Section 8: Specialised design contributions

8A. Prompt design — Evol-Instruct prompt templates

The five in-depth + one in-breadth WizardLM prompt templates and the five WizardCoder code templates are the lineage’s most reused artefacts. Both papers publish them verbatim in appendix.

PROMPT ENTRY [1]: In-depth “add constraints” (WizardLM)
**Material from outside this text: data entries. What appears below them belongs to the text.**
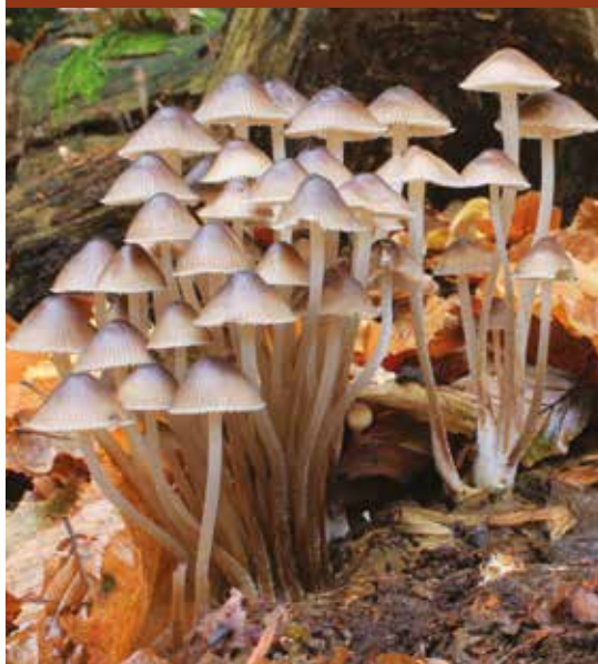
Mycena inclinata, Clustered Bonnet
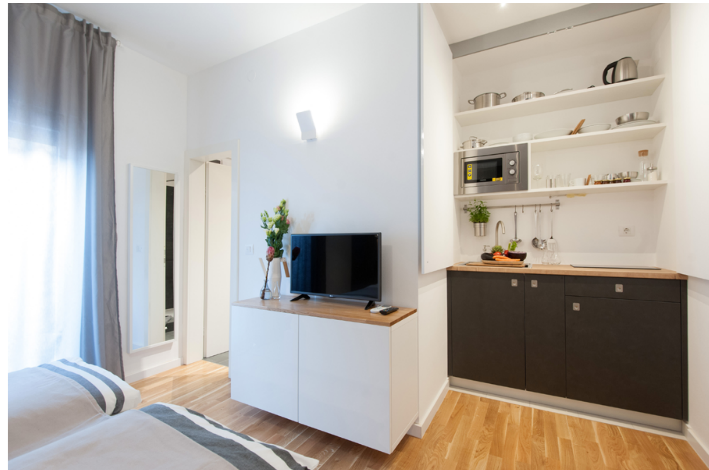
The kitchenette will turn you into a real chef de cuisine while on holiday
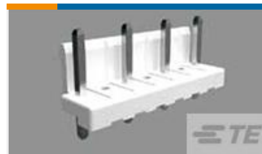
TE Part #1-1123724-2 3.96EP HDR ASSY 2(3)P NATURAL
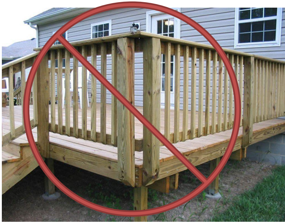
Example of inappropriate railing.
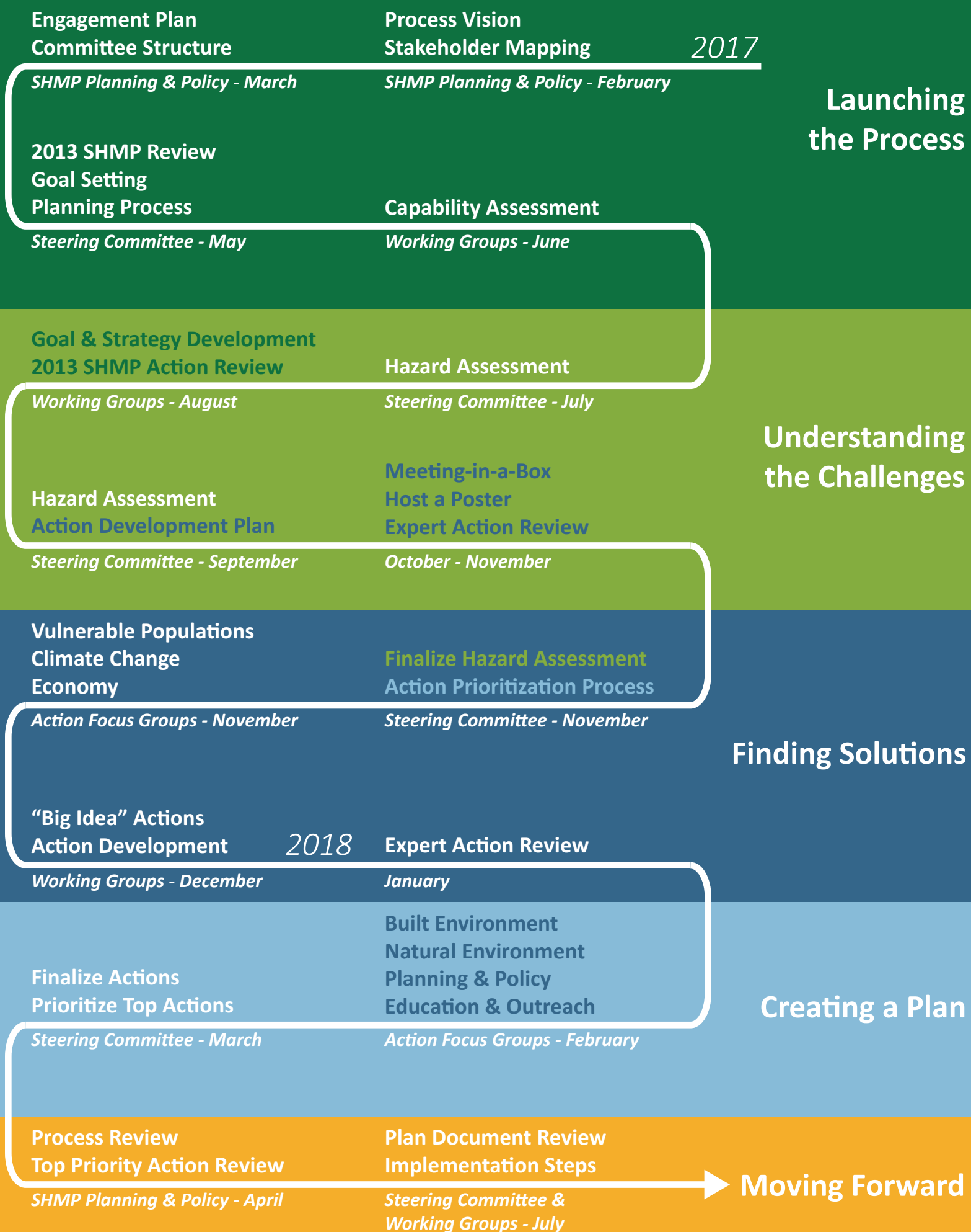
FIGURE 1: 2018 Vermont SHMP - Stakeholder Engagement Process
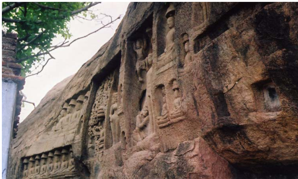
Figure 2: Detail of Group 3 at Kalugumalai

It is significant to note that the rock formations at the top of the hill remain unaltered, with the exception of their surfaces. In fact, one cannot easily separate the natural form of the boulder from its carvings. In other words, the reliefs tend to enhance the natural shapes of the rocks rather than modify them. Though images are incised in horizontal registers, their depth of carving mimics the undulations of the rock's surface (Figure 2). This differs greatly from serial images found on cave walls that are carved at roughly equal depths to heighten the illusion of a structural temple wall. Moreover, the images at Kalugumalai are presented in plain rectangular or square niches rather than the more elaborate architectural framework that is usually carved or painted around the niches of images in medieval Jain caves. The boulders and their carvings at Kalugumalai
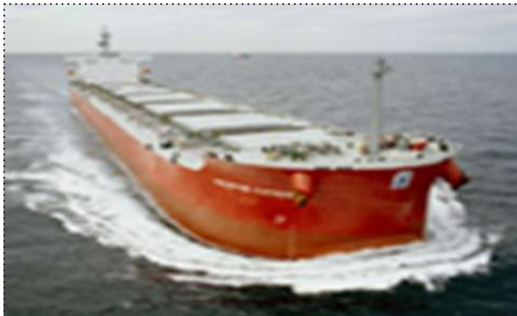
The overall index fell 19 points, or about 2.6%, to 721, its lowest since early-June 2020.

The overall index, which factors in rates for capesize, panamax and supramax shipping vessels, fell
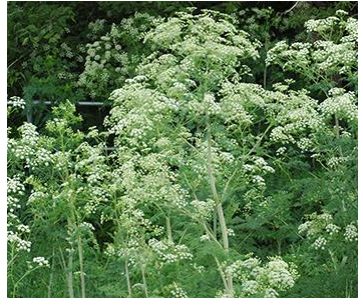
'Poison hemlock' Conium maculatum
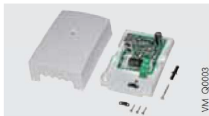
Wall-mounted box OpenTherm/Modbus Interface - Package AD 286

Needed to control a boiler cascade equipped with OT controller (1 board per boiler).
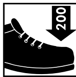
Product features 200J toe cap
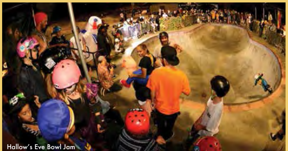
Hallow's Eve Bowl Jam

For more information call Community Services at 461-3450 or the Sports Park at 273-6960
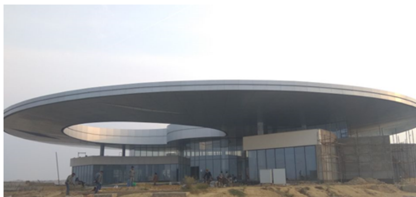
Grameen Bhawan, Central Vista, New Delhi
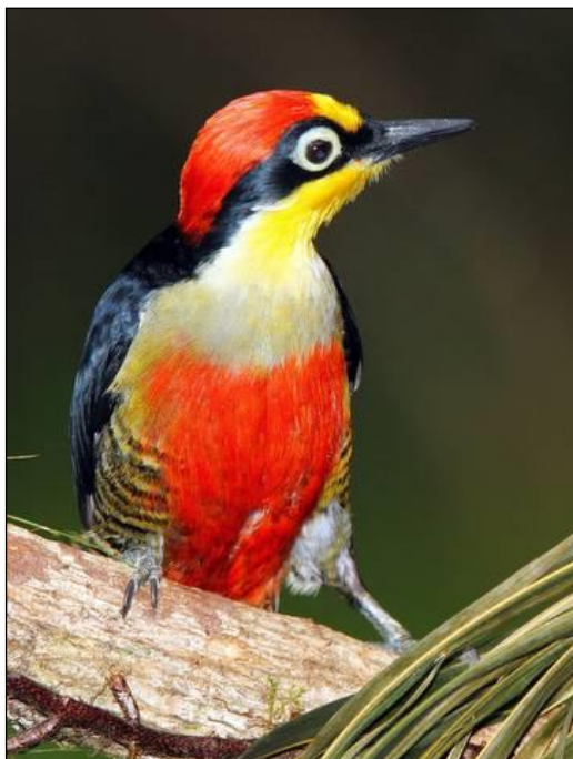
Yellow-fronted Woodpecker by Adam Riley

Day 6: Cedae & Theodoro Trail. This morning we drive for just over half an hour to reach the start of the Cedae Trail. We will spend much of the morning birding this great trail with an immense number of new species possible, including Plain Parakeet, Saw-billed Hermit, Black-throated Trogon,
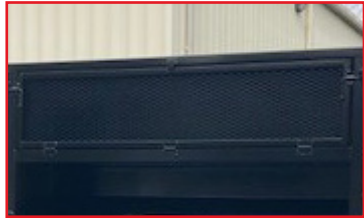
Lockable Top Compartment
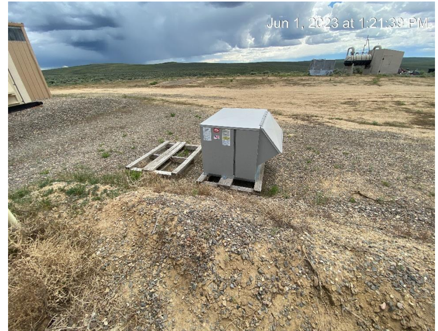
Unused equipment storage
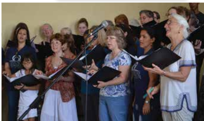
California's Cabrillo Symphonic Chorus sing side-by-side with Coro Cantores de Cienfuegos in Cuba
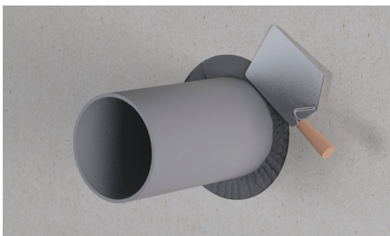
4. Smooth sealant
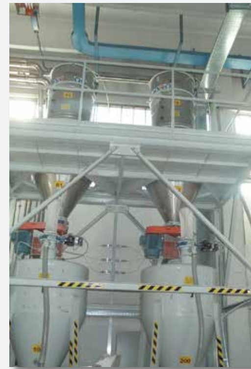
WEIGHING & MIXING SYSTEM
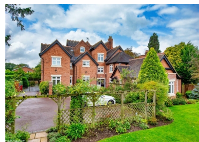
18f Southgate, Stockwell Road, Tettenhall, Wolverhampton

  • Source: WizardLM Appendix A. 1
  • Role: rewrite an instruction with one additional constraint.
  • Prompt type: zero-shot meta-prompt with a single II placeholder.
  • Components in order: persona (“Prompt Rewriter”) → objective → rewriting axis → length cap → output schema.
  • Reconstructed template (verbatim from the paper):

“I want you to act as a Prompt Rewriter. Your objective is to rewrite a given prompt into a more complex version to make those famous AI systems (e.g., ChatGPT and GPT4) a bit harder to handle. But the rewritten prompt must be reasonable and must be understood and responded by humans. Your rewriting cannot omit the non-text parts such as the table and code in #Given Prompt#. … You SHOULD complicate the given prompt using the following method: Please add one more constraints/requirements into #Given Prompt#. You should try your best not to make the #Rewritten Prompt# become verbose, #Rewritten Prompt# can only add 10 to 20 words into #Given Prompt#. #Given Prompt#: {instruction} #Rewritten Prompt#:”

  • Input schema: a single seed instruction string.
  • Output schema: a single rewritten instruction string.
  • Failure handling: handled at the elimination step rather than in-prompt.
  • Design rationale: the persona + axis-specific instruction is what makes operator choice a controllable knob; a generic “make it harder” prompt without axis specification reportedly collapsed to mostly verbose rewrites.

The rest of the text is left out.